# A cause near and dear to my heart..



## CapotesMom (Apr 3, 2007)

....bare with me..working on the embedded video.. 

...ok I totally don't get why it's not embedding for me. It worked on myspace. Here's the direct link if it doesn't come up.

www.earthhour.org/about

...green smilie..get it? heh

www.earthday.org


----------



## anneks (Mar 13, 2007)

That is really cool. I gave the link to my son to show his science teacher. He also has a class called earth seminar with her where they talk a lot about the environment and ways to help. Thanks!


----------



## SMARTY (Apr 19, 2007)

Thanks for the video. This should be very important to all of us. Everything came home to me when my DD's boy friend who is from Europe was here over the holidays and he mention on several occasion how we as a county do not recycle, and the amount of waste he sees when here.
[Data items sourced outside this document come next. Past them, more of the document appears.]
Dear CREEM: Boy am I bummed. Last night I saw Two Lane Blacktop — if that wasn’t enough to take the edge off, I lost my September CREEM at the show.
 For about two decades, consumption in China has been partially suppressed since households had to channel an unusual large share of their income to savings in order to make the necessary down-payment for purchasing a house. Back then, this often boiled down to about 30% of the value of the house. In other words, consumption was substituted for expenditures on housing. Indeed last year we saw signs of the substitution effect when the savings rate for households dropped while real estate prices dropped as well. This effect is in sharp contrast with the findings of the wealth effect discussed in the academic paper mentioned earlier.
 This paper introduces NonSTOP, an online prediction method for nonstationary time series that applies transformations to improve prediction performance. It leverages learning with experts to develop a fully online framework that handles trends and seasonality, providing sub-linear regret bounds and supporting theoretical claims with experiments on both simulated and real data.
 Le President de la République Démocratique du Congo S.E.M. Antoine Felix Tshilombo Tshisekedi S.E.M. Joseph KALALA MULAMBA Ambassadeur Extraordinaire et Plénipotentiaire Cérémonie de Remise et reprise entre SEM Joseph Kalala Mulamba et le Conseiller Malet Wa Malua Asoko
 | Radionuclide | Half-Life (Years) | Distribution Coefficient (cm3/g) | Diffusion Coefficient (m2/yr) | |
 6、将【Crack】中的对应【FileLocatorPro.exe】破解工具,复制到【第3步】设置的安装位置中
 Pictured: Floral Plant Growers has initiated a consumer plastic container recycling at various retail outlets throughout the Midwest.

Let alone what we are doing to our environment with our wasted fuels. He has a car but seldom uses it, most of the time he, his family and friends use the rapid transit systems or walk. When you see someone walking in my neighborhood you wonder what happened to their car if they do not have on a jog suit.


----------



## Lina (Apr 26, 2007)

Thanks for sharing this, Mindy! I am already signed up myself. After taking an atmospheric chemistry class at Berkeley, I have been very aware of what we've been doing to the environment and have found as many ways as I can to help. I pay a little extra, but my whole house is powered by wind energy and all my appliances (other than the ones that are part of my rental - the fridge and the microwave) are Energy star appliances. Living in New York, I try to take public transportation and walk every where I go to reduce my impact on the environment. Contrary to popular belief, every little bit DOES help, as show by that video.


----------



## CapotesMom (Apr 3, 2007)

Lina -- That's awesome!! I'm so glad to hear of people taking active roles in the environment. It's not even hard, and there's nothing drastic you have to change in your life; it's little things that make it less expensive for you and better on the environment. 
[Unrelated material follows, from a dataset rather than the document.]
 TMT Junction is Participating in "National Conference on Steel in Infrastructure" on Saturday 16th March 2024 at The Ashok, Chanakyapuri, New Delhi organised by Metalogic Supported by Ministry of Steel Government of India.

Right now I'm actively trying to get a recycling program started in my community and I sware it's like pulling teeth; the majority of my neighborhood is older people and republicans who think nothings wrong and a 4 dollar increase on their waste bill is scandelous. :suspicious: They're talking about a community recycling center, but I don't think that will make people recycle anymore. If you have a bin in your garage like your trash you're more likely to use it than you would the community center. Right now I drive to the nearest city which is 15 minutes away to recycle. It's atrocious!


----------



## anneks (Mar 13, 2007)

We have a recycling center here in my community and people still don't use it. We had an issue up for vote a few years ago about sanitation and recycling and the recycling part got voted down. You can pay for a recycling service to come around but most people don't. The recycling center is very convenient though.


----------



## Lina (Apr 26, 2007)

I'm glad I live in New York because here recycling is mandatory! I live in a high rise condo now, so it's easy to just throw garbage down the chute and leave recyclables in the bins in front of the chute. The managerial service is in charge of breaking down boxes and separating recyclables. Before this place, though, I used to live in a three unit house so we had to do it all ourselves. They would actually not pick up your trash (and would give you a hefty fine) if they found newspaper in your garbage and not in your recyclables! It pissed some people off no end, but I thought that was awesome!


----------